The OTC market, also known as the Pink Sheets, is an American stock exchange established in 1913. Like the NYSE and NASDAQ, it operates out of New York City.

The OTC is widely known as a volatile market, dealing mostly in penny stocks. These are the true definition of penny stocks, with many companies trading for a penny or less per share. 

A little-known fact about the OTC market is that it is also home to many ADRs or American Depository Receipts. These are stocks of foreign companies that trade on the US stock market to access American investors.

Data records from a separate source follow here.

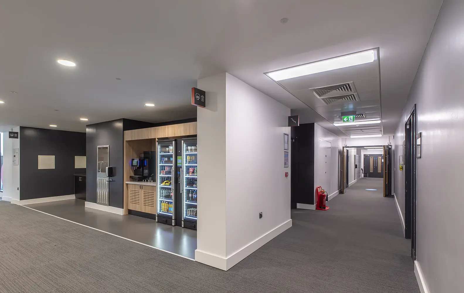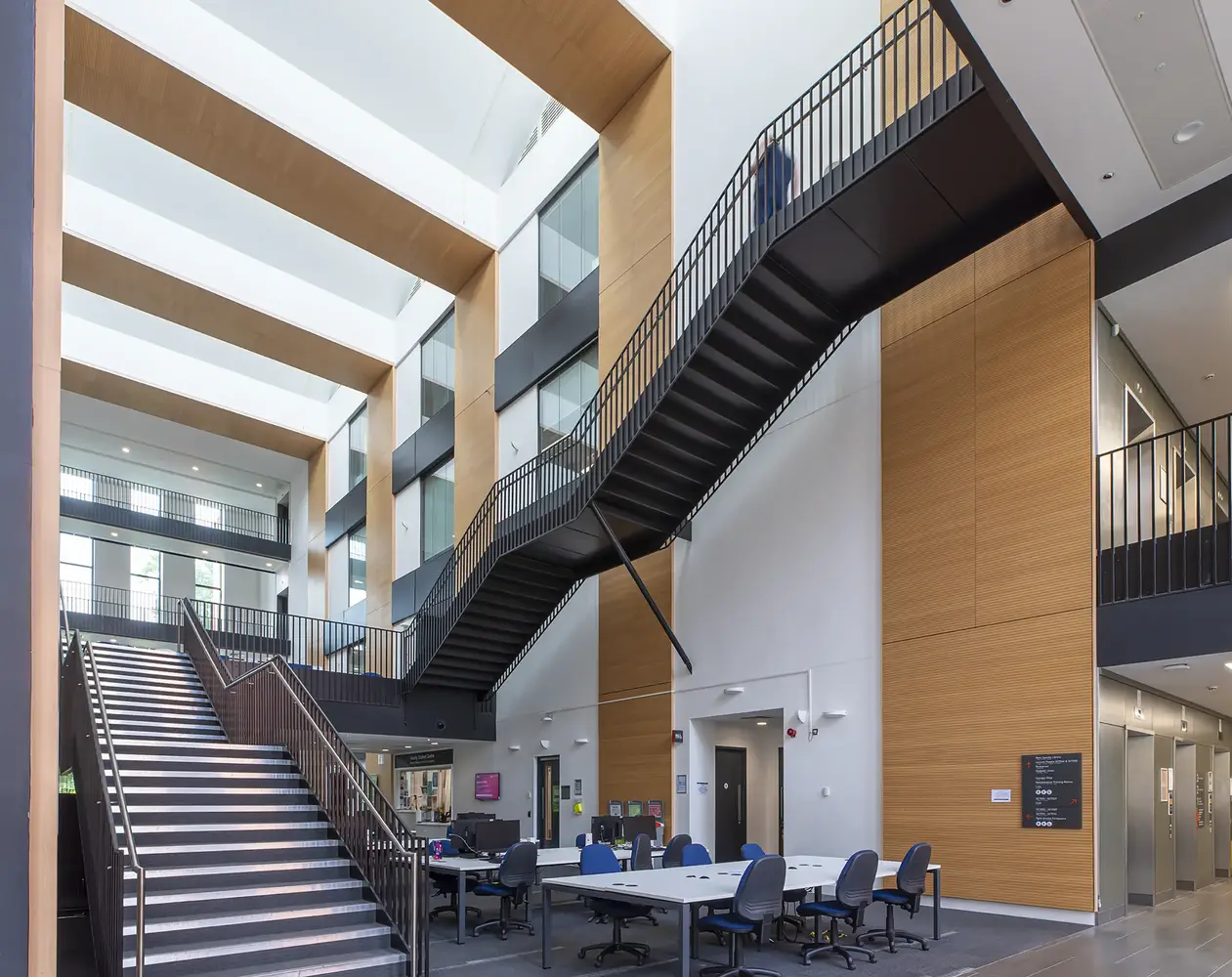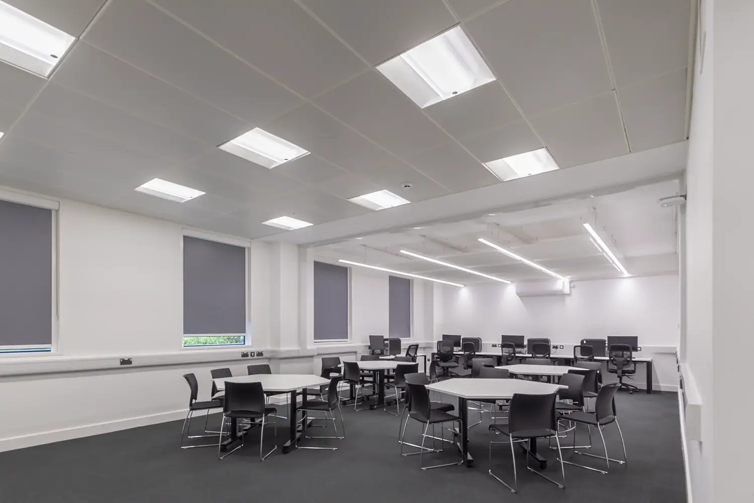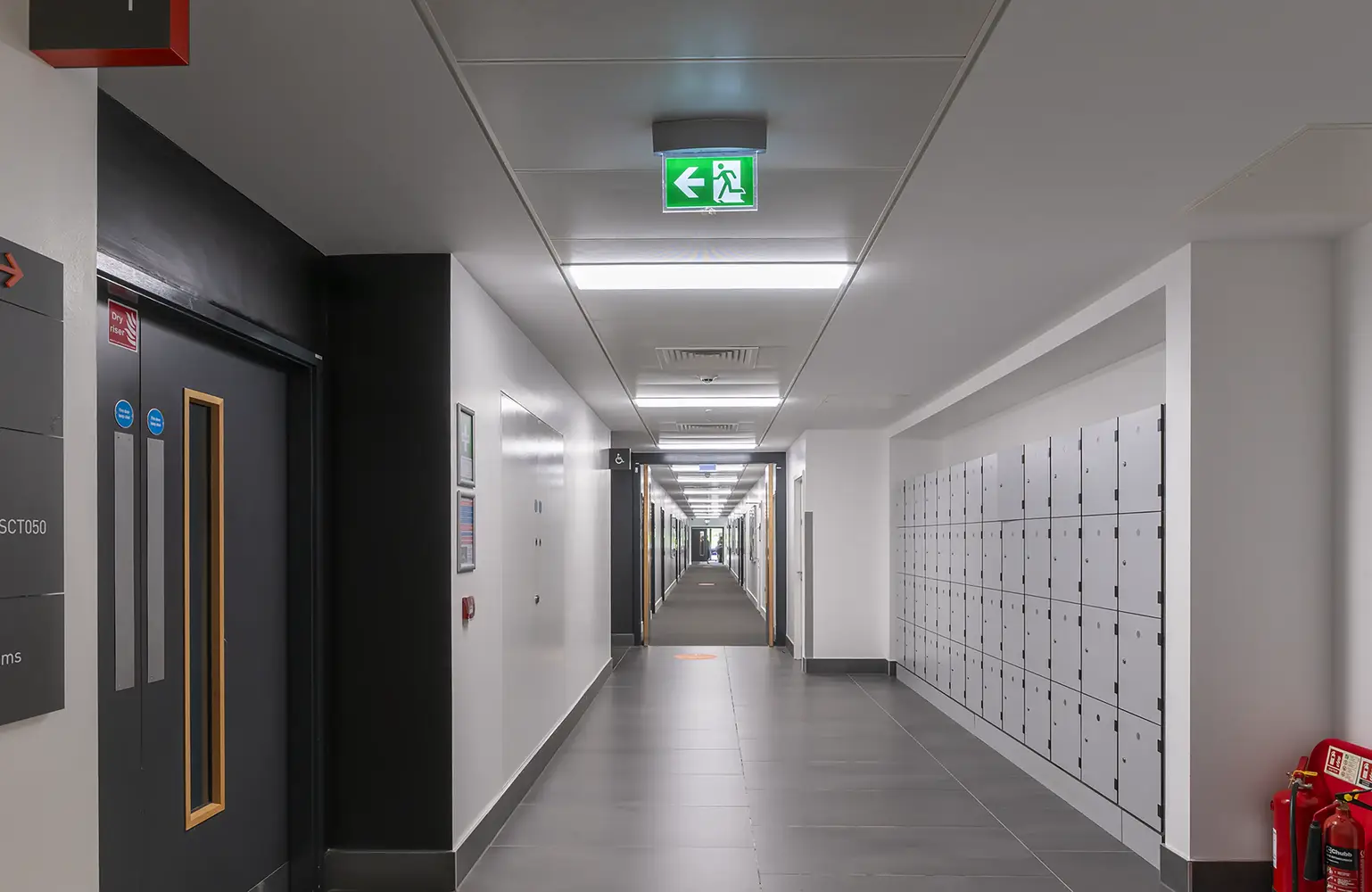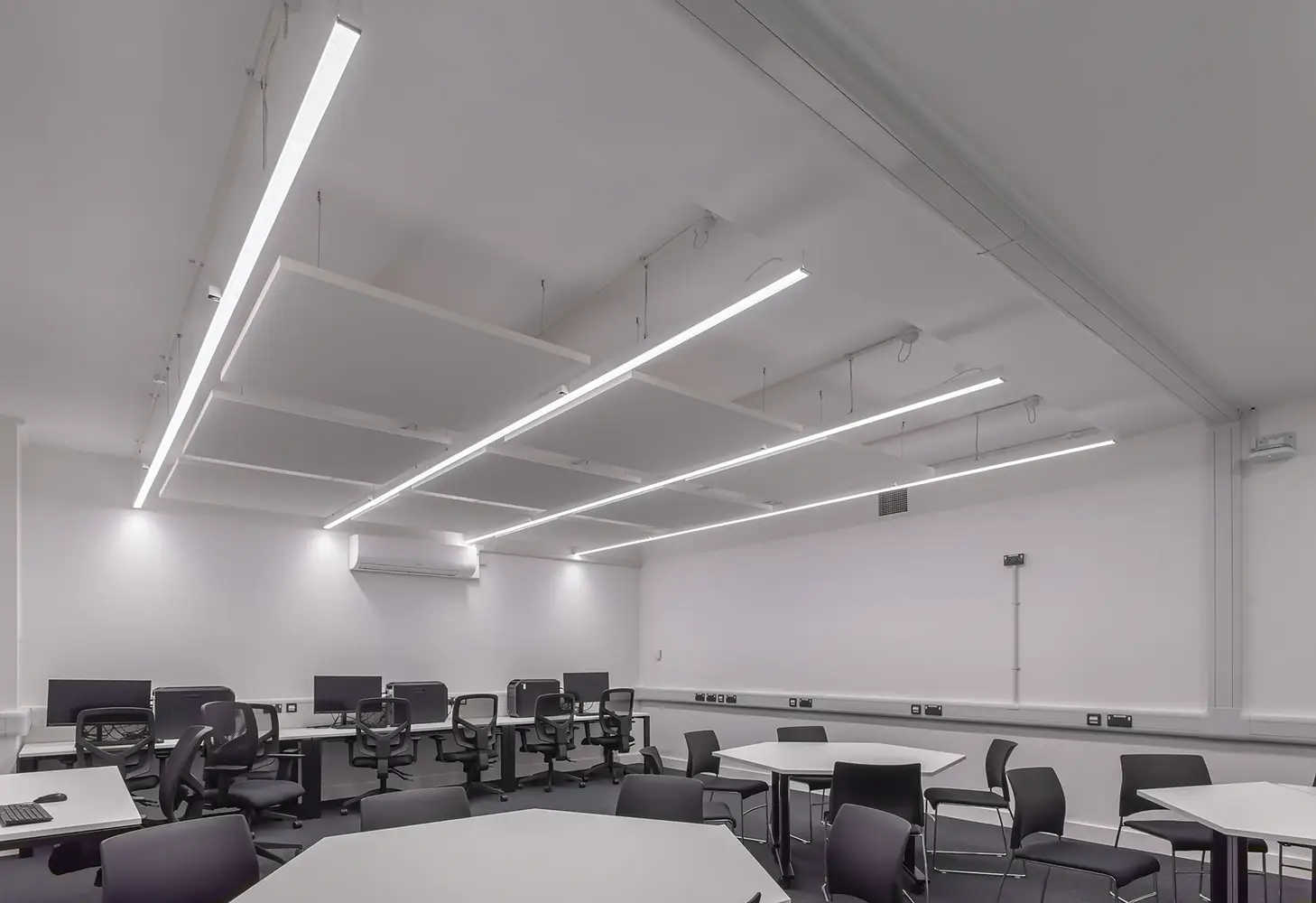 In den älteren Bereichen des Seacole-Gebäudes waren auf vier Etagen noch Rasterleuchten mit Leuchtstoffröhren installiert. Thorlux rüstete diese Bereiche auf moderne LED-Beleuchtung um, überwiegend auf die Rasterleuchte Hi-Style, die nun über das Lichtmanagementsystem SmartScan gesteuert werden. Die Umrüstung erfolgte im 1:1-Austausch. Positionen von einzelnen Leuchten wurden nur verändert, um der aktuellen Raumnutzung besser zu entsprechen und zu erreichen, dass die britischen Beleuchtungsnormen erfüllt werden.
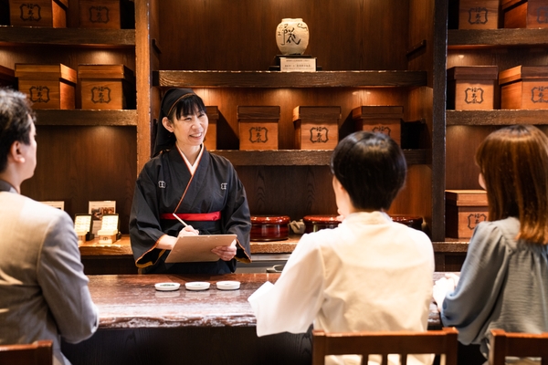 福寿園京都本店 地下1階「京の茶蔵」では、日本茶インストラクターがお茶に関するマメ知識やお茶の淹れ方、大福茶の故事などをレクチャーします。
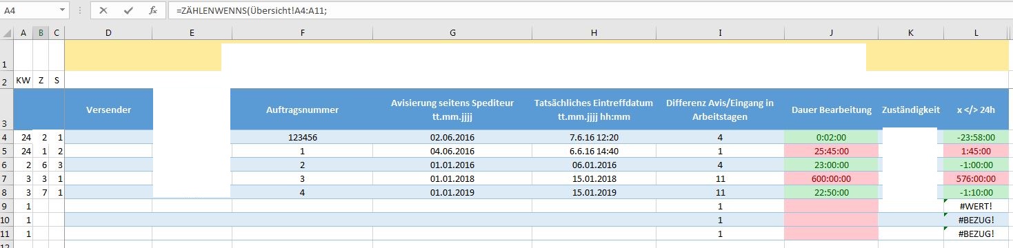 Soll nun in Zelle B2 die absolute Anzahl an Aufträgen in dieser KW automatisch angezeigt werden. Sprich, ich habe in KW 24 10 Aufträge, soll dies in B2 automatisch angezeigt werden. Code ZÄHLENWENN funktioniert nicht.
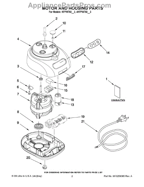 Parts for Kitchenaid KFPW760QOB3: 01 - Motor And Housing Parts
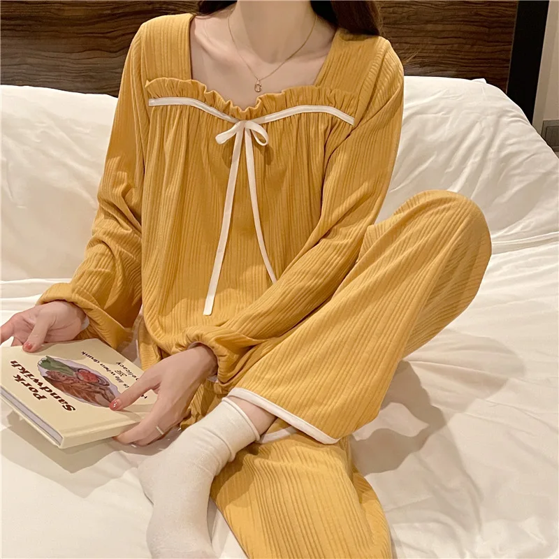Women's Spring and Autumn Pajamas Set Women's Long-Sleeved Long Trousers Pajamas Homewear Sweet Leisure Homewear Loose Set

This is a popular way for Chinese and European companies to list in America. The volatility and risk in the OTC markets aren’t always from the stocks it holds. It is more because the markets are largely unregulated by agencies like the SEC. This makes OTC stocks more prone to scams and pump-and-dump schemes. 

Final Thoughts: American Stock Exchange

While it remains a step or two above the OTC markets regarding regulations, the NYSE American market is riskier to invest in. This is especially true when you compare it to the NYSE or NASDAQ exchanges.

The NYSE American typically houses emerging companies that are usually smaller and have more risk. The NYSE American stocks listed above certainly would not fall under successful investments. 

That does not mean you shouldn’t consider the NYSE American index for investing. Like any investment, you should always research the company and the stock. Do not unthinkingly follow anyone willing to invest in an emerging company.

I am sure stocks like Camber Energy and Zomedica looked like good investments at one point. So, the answer is probably yes. Compared to the bigger exchanges, the NYSE American is certainly riskier. But, like any market, you can find some diamonds in the rough if you research enough.